Dichiarazione di interdipendenza

Mai come oggi l’umanità ha avuto a disposizione tante risorse materiali e competenze tecnico-scientifiche. Considerata nella sua globalità, essa è ricca e potente come nessuno nei secoli passati avrebbe potuto mai immaginare. Non è detto che sia anche più felice. Tuttavia, non c’è nessuno che desideri tornare indietro, poiché ognuno si rende conto che di giorno in giorno si aprono sempre maggiori e nuove potenzialità di realizzazione individuale e collettiva.

Eppure, nonostante ciò, nessuno è disposto a credere che questa accumulazione di potenza possa essere perseguita indefinitamente senza che, in una logica immutata di progresso tecnico, si ritorca contro se stessa e metta a repentaglio la sopravvivenza fisica e morale dell’umanità. Le prime minacce che incombono su di noi sono di ordine materiale, tecnico, ecologico ed economico. Minacce entropiche. Ma noi siamo molto più impotenti nell’immaginare delle risposte adeguate al secondo tipo di minacce. Alle minacce di ordine morale e politico. A quelle minacce che potremmo definire antropiche.

Il problema numero uno

Sotto i nostri occhi c’è un’evidenza accecante: l’umanità ha saputo realizzare dei progressi tecnici e scientifici sorprendenti, ma resta ancora incapace di risolvere il suo problema fondamentale: come gestire la rivalità e la violenza tra gli esseri umani? Come convincerli a cooperare, pur consentendo loro di contrapporsi senza massacrarsi? Come contrastare l’accumulazione della potenza, ormai illimitata e potenzialmente auto-distruttiva, contro gli uomini e contro la natura? Se l’umanità non saprà trovare una risposta a questi interrogativi, è destinata a scomparire. E questo proprio quando si sono create tutte le condizioni materiali di un benessere generalizzato, purché si prenda coscienza della loro finitezza.

Abbiamo a disposizione molteplici elementi di risposta, che nel corso dei secoli sono stati apportati dalle religioni, dalle morali, dalle dottrine politiche, dalla filosofia e dalle scienze umane e sociali. Così pure, le iniziative che si muovono in direzione di un’alternativa all’attuale organizzazione del mondo sono innumerevoli, promosse da migliaia e migliaia di organizzazioni o associazioni, e da diecine o centinaia di milioni di persone. Queste iniziative si presentano sotto varie denominazioni e ai più diversi livelli: la difesa dei diritti dell’uomo, del cittadino, del lavoratore, del disoccupato, della donna o dei bambini; l’economia sociale e solidale con tutte le sue componenti: le cooperative di produzione o di consumo, la mutualità, il commercio equo, le monete parallele e complementari, i sistemi di scambio locale, le innumerevoli associazioni di mutuo soccorso; l’economia cognitiva dei network (cfr. Linux, Wikipedia, ecc.); la decrescita e il post-sviluppo; i movimenti slow food, slow town, slow science; la rivendicazione del buen vivir, l’affermazione dei diritti della natura e l’elogio della pachamama; l’altermondialismo, l’ecologia politica e la democrazia radicale, gli indignados, Occupy Wal Street; la ricerca di indicatori alternativi di ricchezza, i movimenti della trasformazione personale, della sobrietà volontaria, dell’abbondanza frugale, del dialogo tra le civiltà, le teorie del care, la nuova concezione dei “beni comuni” (commons), ecc.

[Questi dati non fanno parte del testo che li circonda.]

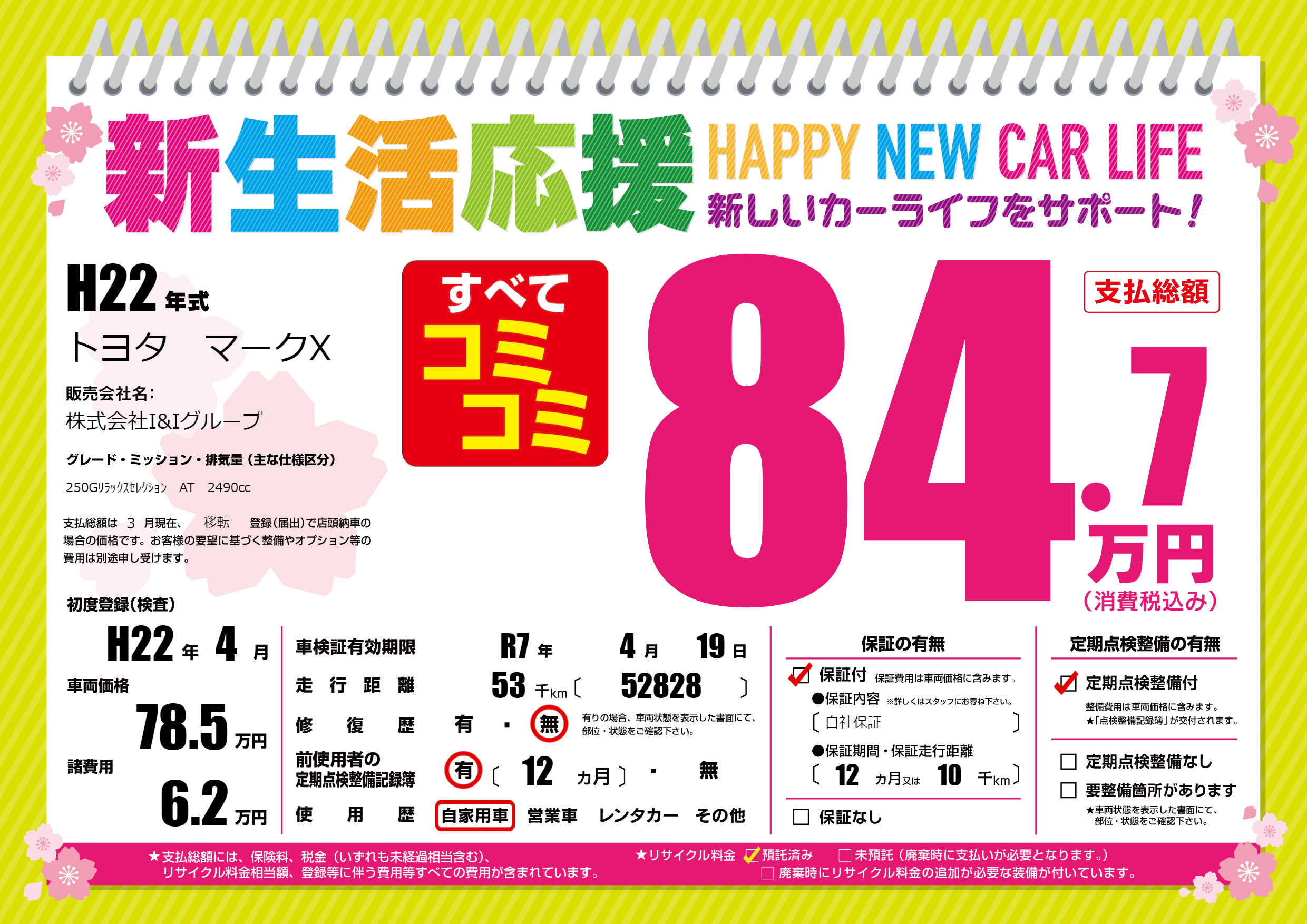 | 走行キロ | 5.3万km | 初年度登録 | H22年4月 |

Perché queste iniziative così ricche possano contrastare con un’adeguata potenza le dinamiche letali del nostro tempo e non siano confinate nel ruolo di mera contestazione o di semplice palliativo, diventa decisivo unire le loro forze e le loro energie. Da qui l’importanza di sottolineare ed enunciare ciò che hanno in comune.

Sul convivialismo

In comune hanno la ricerca di un convivialismo, di un’arte di vivere insieme (con-vivere) che consenta agli esseri umani di prendersi cura gli uni degli altri e della Natura, senza negare la legittimità del conflitto, ma trasformandolo in un fattore di dinamismo e di creatività, in uno strumento per scongiurare la violenza e le pulsioni di morte. Per trovarlo abbiamo urgente bisogno di un corredo dottrinale minimo e condivisibile, che consenta di rispondere contemporaneamente, ponendole su scala planetaria, almeno a quattro questioni di base (più una):

La questione morale: che cosa è lecito per gli individui sperare e che cosa devono proibirsi?

La questione politica: quali sono le comunità politiche legittime?

La questione ecologica: che cosa possiamo prendere (d)alla natura e che cosa dobbiamo restituirle?

La questione economica: quale quantità di ricchezza materiale ci è lecito produrre, e in che modo, per essere coerenti con le risposte date alla questione morale, politica ed ecologica?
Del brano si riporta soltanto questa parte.